This 2013 rendition of Evil Dead definitely does enough to distinguish itself from the 1981 original but in doing so abandons a lot of the winking goofiness that made the original such a one-of-a-kind. It's mucky, yucky and dripping in goo but there's not quite enough beneath the buckets of blood to claim the bone-throne of horror classics.

Although it didn't quite meet the lofty expectations it set for itself with it's tagline, "The Most Terrifying Film You Will Ever Experience" but it does rise to the occasion of trying to out-do it's predecessors and certainly scores. There's no denying the goal behind this Fede Alvarez's remake was to rain down the blood and treat it's central troop of unfortunate victims like human pincushions just waiting to be jammed full of a whole spectrum of unconventional weapons chilling in the tool shed.
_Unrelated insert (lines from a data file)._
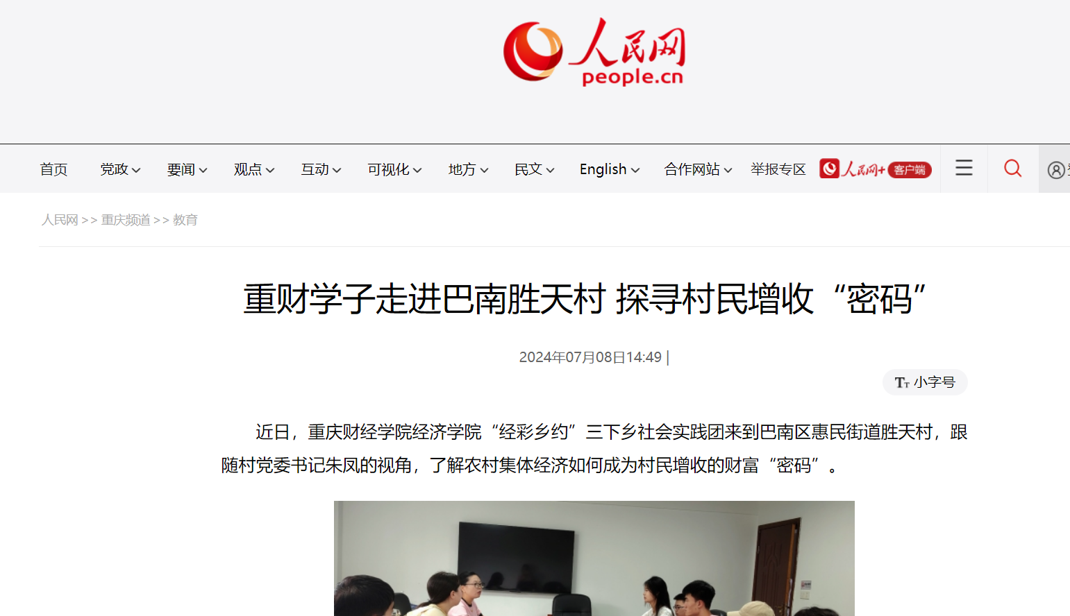近年来,随着国家乡村振兴战略的深入实施,农村集体经济的发展成为推动农村地区经济增长的重要力量。7月4日,重庆财经学院经济学院三下乡“经彩乡约”社会实践团,走入巴南区惠民街道胜天村与村党委书记朱凤进行交流。
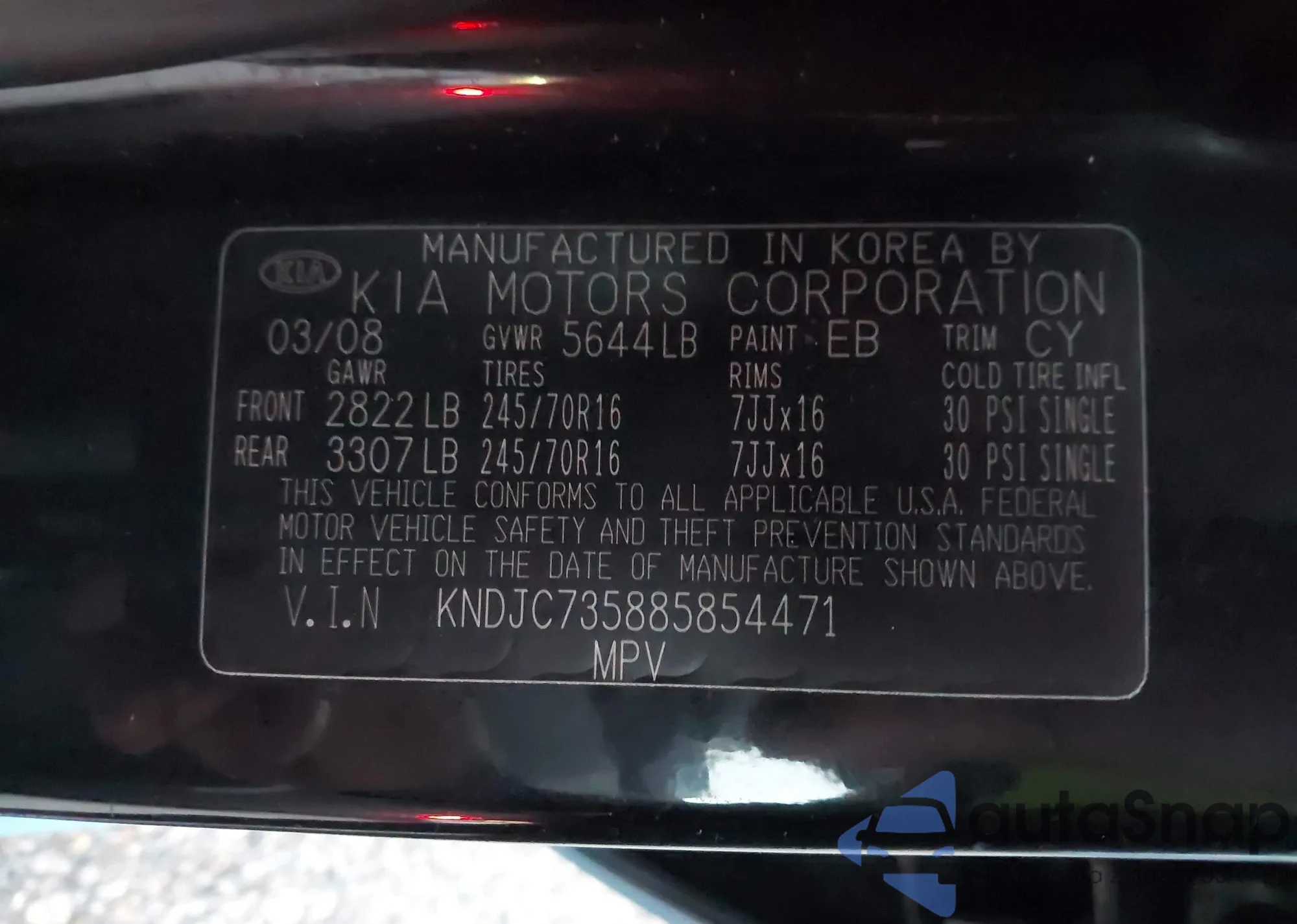 • VIN KNDJC735885854471
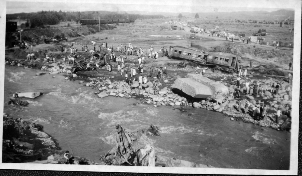 DateDecember 1953Reference NumberPhoto 15-070DescriptionPhotograph from an album belonging to Fred Johnson who, in the later part of the Second World War, was in the pacific islands in a support role. He worked on Aircraft engines during WWII in New Zealand and the Pacific (1945 and 1946). Handwritten on reverse "Tangiwai Rail Disaster. Xmas 1953". FormatPrint
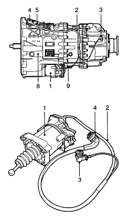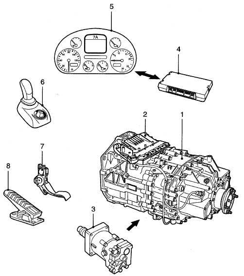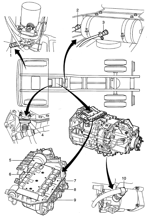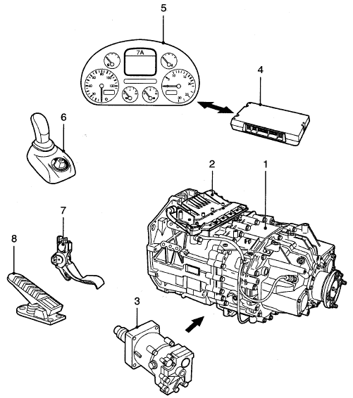 Коробка передач AS Tronic (4) оснащена сухим однодисковым сцеплением с автоматическим управлением (1). Модулятор коробки передач (3) состоит из электронного блока, различных датчиков, клапана ограничения давления (5) и пневматического механизма переключения. Автоматическое включение и выключение сцепления обеспечивается узлом привода сцепления (2) за счет использования сжатого воздуха.

In regard to that goal, congratulations are in order. Alvarez has made one of the most chilling, grisly, visceral horror movies to date.

For those unfamiliar with the original storyline, the whole conceit of the Evil Dead franchise follows a group of five twenty-something year olds who visit an abandoned cabin in the woods and after reading a passage from the Necronomicon, an ancient evil book made from human flesh, unleash evil personified hell-bent on devouring their physical bodies and claiming their souls. Sounds like the kind of vacation just about anyone would ask for. This film deviates in the setup to this weekend of death with some exposition that is pure Diablo Cody (Juno, United States of Tara), who penned the script. Evil Dead imagines that this group of old friends and family reunited to help carry out a cold-turkey weekend for junk addict/little sister Mia. As you can imagine, things didn't quite go that way.

In establishing the little weekend getaway as a rehab stint, the film avoids the tired cliche of friends on vaca in a creepy locale and at least attempts to justify the initial refusal to run at the first hint of things going awry. It's this small semblance of intelligence that offers some promise for Evil Dead to transcend the genre stereotypes but in the end, it's still the same breed, just a little prettier and a little smarter. 

Once the evil is unleashed, the heads begin to roll and Alvarez and Cody only stop the onslaught of human plasma to occasionally remind us that these are people with relationships that we're supposed to care about. The only problem is most of these relationships are built on rushed and shaky foundations so it's hard to really elicit much of a response. We're not watching My Girl, we're watching Evil Dead so crank up the deaths and dial down the pity.  

As a remake, it hits the right marks. The basic elements are in the same place but it heads in enough of a different direction to make the affair noteworthy not only in the horror genre but in the much beloved franchise. I'm sure there will be a legion of deadites protesting against the absence of snark involved but it never quite tries to capture that element that so clearly defined Sam Raimi's films. Instead, it's happy being the depraved little cousin reveling in the sick carnage of it all. Just like the best and most memorable, the telltale earmarks of exploitation are written all over and the film essentially presents itself like a dare; a cynic's double-dog dare to watch the thing wide-eyed and not occasionally cringing; but I personally guarantee that it'll make even the most stable of knees go wobbly thanks in large part to the top notch practical effects and a fantastically creepy turn by Jane Levy.

The bottom line: a gory mess in both substance and execution, this bloody remake drops the campy laughs of the original in favor of an all out gore-fest. There's enough viscus flying around the camera in Evil Dead to make even the hardest stomach squeamish and even though the laughs come from the rare sadistic chuckle rather than the cackle inspired by campy lunacy this is exactly the kind of goopy, gory goodness any horror affiliate is hunting for.